→ Dataset records
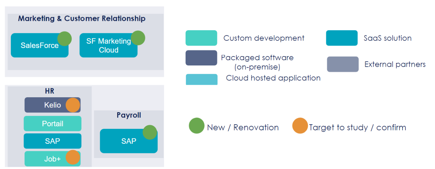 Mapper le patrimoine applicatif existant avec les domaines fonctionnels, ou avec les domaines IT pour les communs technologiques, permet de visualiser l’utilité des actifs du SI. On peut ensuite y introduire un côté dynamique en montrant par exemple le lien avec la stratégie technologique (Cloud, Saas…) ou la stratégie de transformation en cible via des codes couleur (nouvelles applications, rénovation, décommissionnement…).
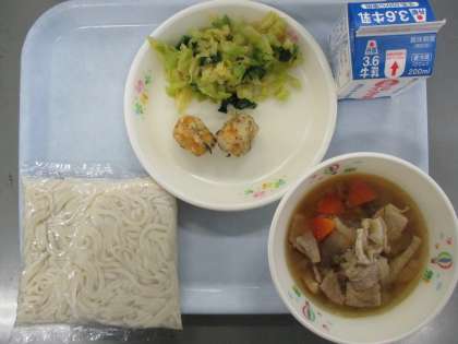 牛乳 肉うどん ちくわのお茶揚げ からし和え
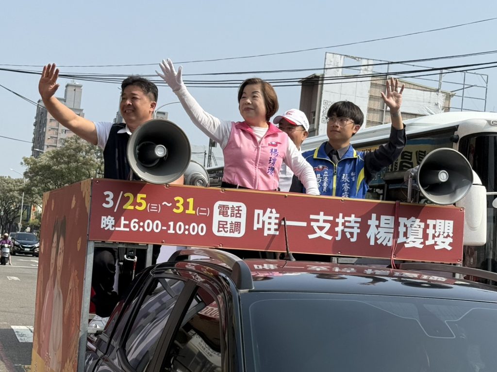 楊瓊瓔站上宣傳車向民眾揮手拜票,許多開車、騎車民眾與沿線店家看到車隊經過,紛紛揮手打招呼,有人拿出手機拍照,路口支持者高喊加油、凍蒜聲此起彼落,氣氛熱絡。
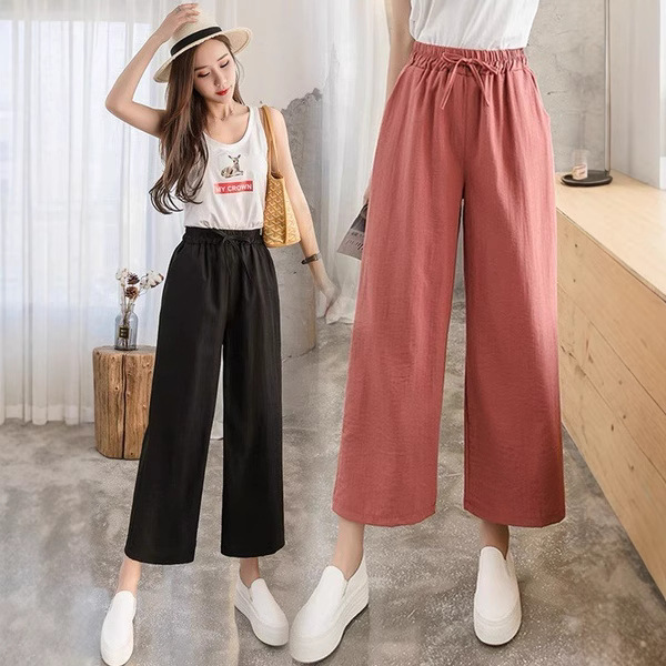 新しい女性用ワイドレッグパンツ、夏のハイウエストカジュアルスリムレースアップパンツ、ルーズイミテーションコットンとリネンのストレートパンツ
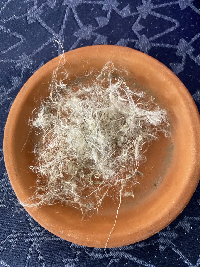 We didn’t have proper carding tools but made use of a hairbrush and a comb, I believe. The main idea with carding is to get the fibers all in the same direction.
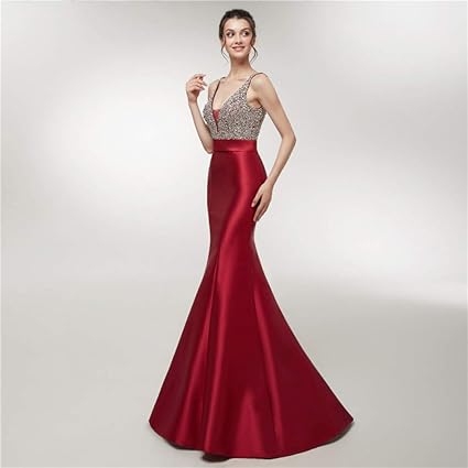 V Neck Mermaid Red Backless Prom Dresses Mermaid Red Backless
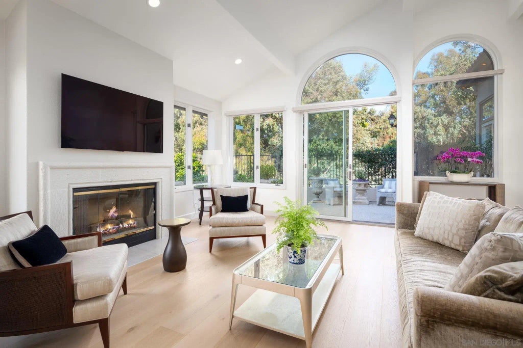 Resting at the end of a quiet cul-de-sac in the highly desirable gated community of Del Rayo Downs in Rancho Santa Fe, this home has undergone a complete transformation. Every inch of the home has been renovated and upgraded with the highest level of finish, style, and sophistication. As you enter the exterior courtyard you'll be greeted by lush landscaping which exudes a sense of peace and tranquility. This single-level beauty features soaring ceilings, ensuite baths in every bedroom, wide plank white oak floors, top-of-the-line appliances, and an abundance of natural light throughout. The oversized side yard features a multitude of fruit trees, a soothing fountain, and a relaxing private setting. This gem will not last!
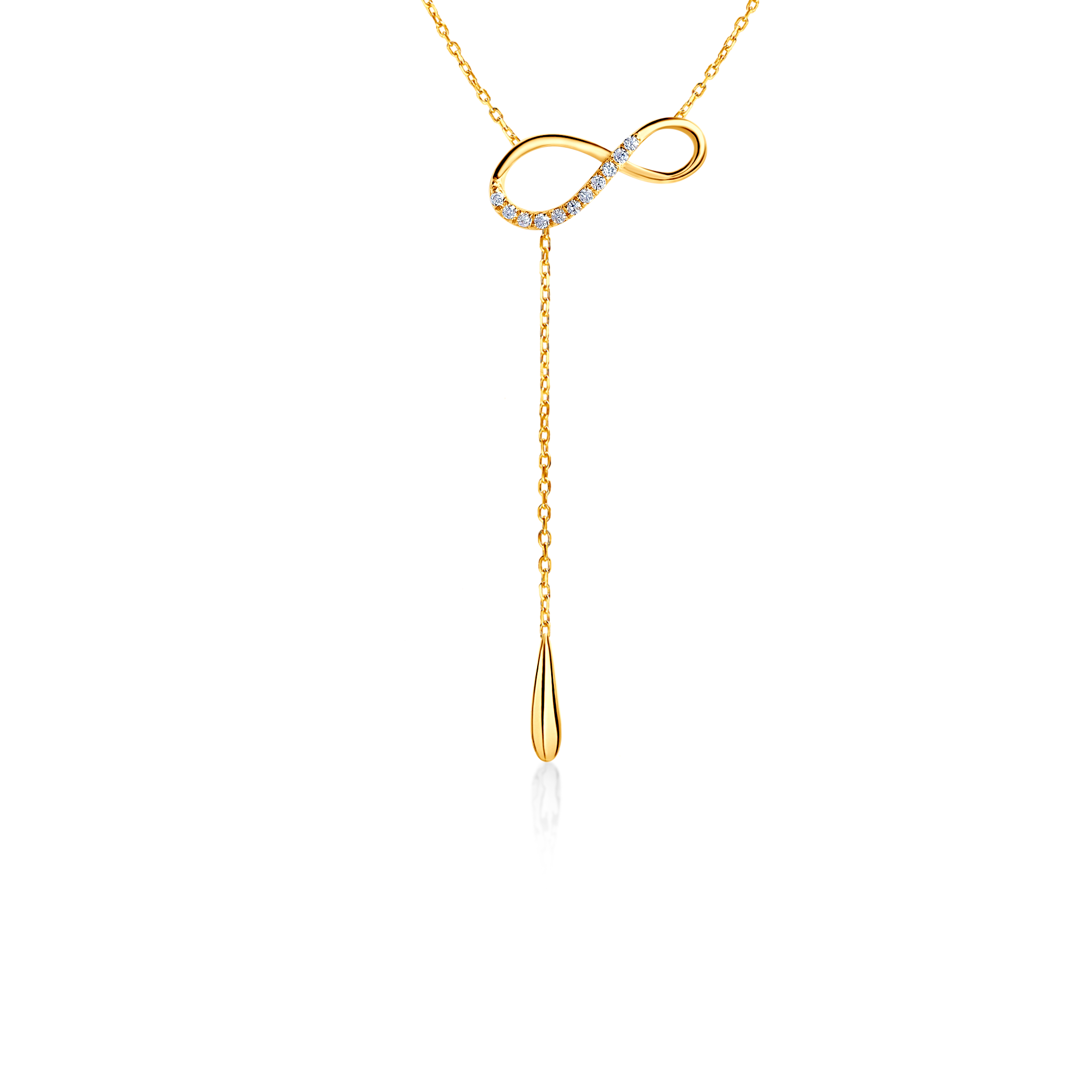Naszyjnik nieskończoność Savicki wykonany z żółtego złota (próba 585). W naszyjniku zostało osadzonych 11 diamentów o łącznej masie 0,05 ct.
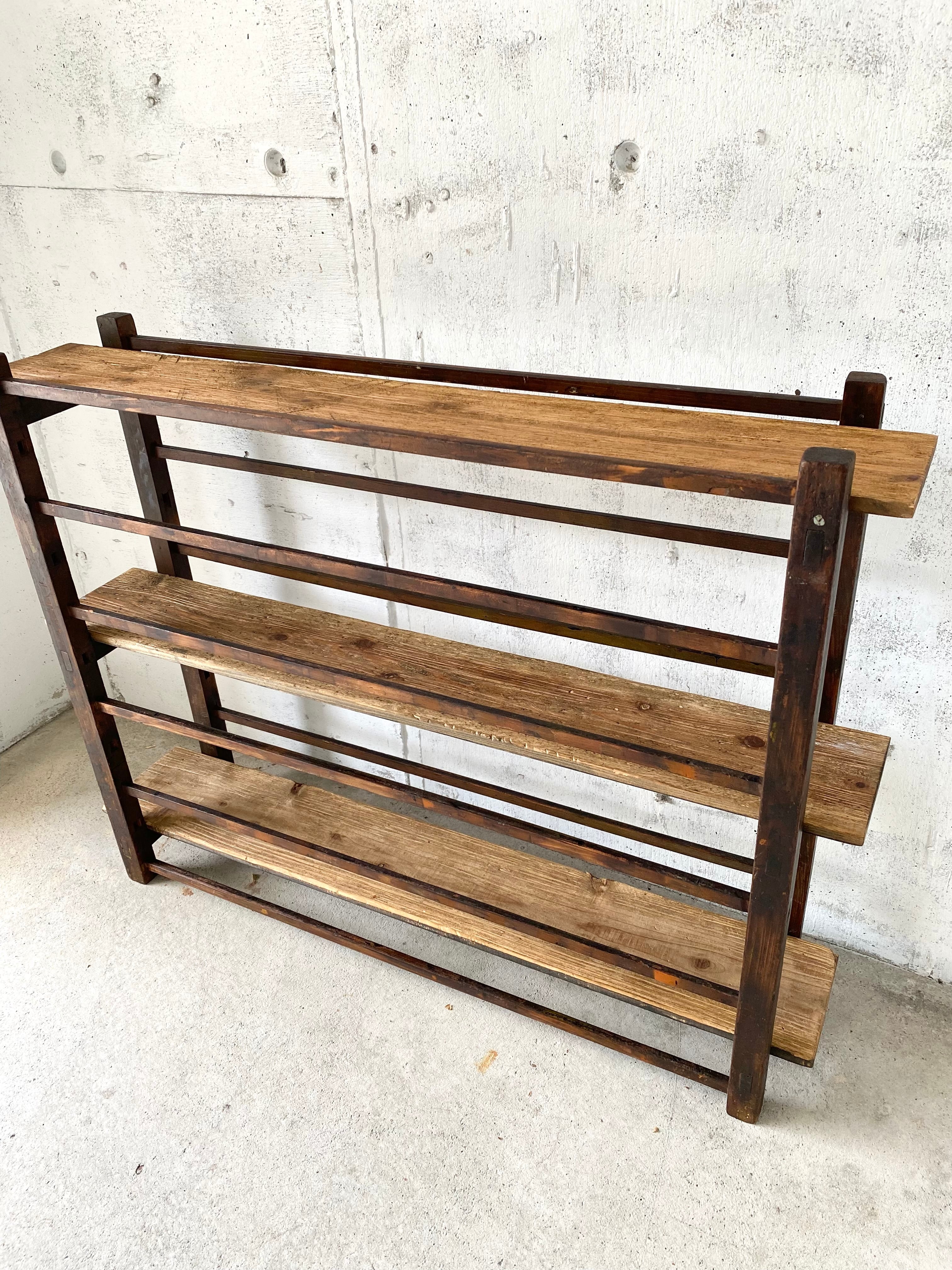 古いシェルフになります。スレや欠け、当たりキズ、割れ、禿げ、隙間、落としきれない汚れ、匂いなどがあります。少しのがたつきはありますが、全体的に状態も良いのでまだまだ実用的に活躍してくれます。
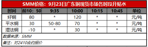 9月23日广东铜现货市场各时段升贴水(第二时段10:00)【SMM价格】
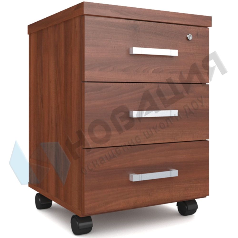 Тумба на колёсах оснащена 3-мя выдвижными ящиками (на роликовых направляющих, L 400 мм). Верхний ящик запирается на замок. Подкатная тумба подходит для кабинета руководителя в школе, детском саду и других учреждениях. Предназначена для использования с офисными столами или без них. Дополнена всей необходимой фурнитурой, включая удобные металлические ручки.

→ Your assignment
Leaving out the pictures, print every record exactly as written.

→ The answer
 Mapper le patrimoine applicatif existant avec les domaines fonctionnels, ou avec les domaines IT pour les communs technologiques, permet de visualiser l’utilité des actifs du SI. On peut ensuite y introduire un côté dynamique en montrant par exemple le lien avec la stratégie technologique (Cloud, Saas…) ou la stratégie de transformation en cible via des codes couleur (nouvelles applications, rénovation, décommissionnement…).
 牛乳 肉うどん ちくわのお茶揚げ からし和え
 楊瓊瓔站上宣傳車向民眾揮手拜票,許多開車、騎車民眾與沿線店家看到車隊經過,紛紛揮手打招呼,有人拿出手機拍照,路口支持者高喊加油、凍蒜聲此起彼落,氣氛熱絡。
 新しい女性用ワイドレッグパンツ、夏のハイウエストカジュアルスリムレースアップパンツ、ルーズイミテーションコットンとリネンのストレートパンツ
 We didn’t have proper carding tools but made use of a hairbrush and a comb, I believe. The main idea with carding is to get the fibers all in the same direction.
 V Neck Mermaid Red Backless Prom Dresses Mermaid Red Backless
 Resting at the end of a quiet cul-de-sac in the highly desirable gated community of Del Rayo Downs in Rancho Santa Fe, this home has undergone a complete transformation. Every inch of the home has been renovated and upgraded with the highest level of finish, style, and sophistication. As you enter the exterior courtyard you'll be greeted by lush landscaping which exudes a sense of peace and tranquility. This single-level beauty features soaring ceilings, ensuite baths in every bedroom, wide plank white oak floors, top-of-the-line appliances, and an abundance of natural light throughout. The oversized side yard features a multitude of fruit trees, a soothing fountain, and a relaxing private setting. This gem will not last!
Naszyjnik nieskończoność Savicki wykonany z żółtego złota (próba 585). W naszyjniku zostało osadzonych 11 diamentów o łącznej masie 0,05 ct.
 古いシェルフになります。スレや欠け、当たりキズ、割れ、禿げ、隙間、落としきれない汚れ、匂いなどがあります。少しのがたつきはありますが、全体的に状態も良いのでまだまだ実用的に活躍してくれます。
 9月23日广东铜现货市场各时段升贴水(第二时段10:00)【SMM价格】
 Тумба на колёсах оснащена 3-мя выдвижными ящиками (на роликовых направляющих, L 400 мм). Верхний ящик запирается на замок. Подкатная тумба подходит для кабинета руководителя в школе, детском саду и других учреждениях. Предназначена для использования с офисными столами или без них. Дополнена всей необходимой фурнитурой, включая удобные металлические ручки.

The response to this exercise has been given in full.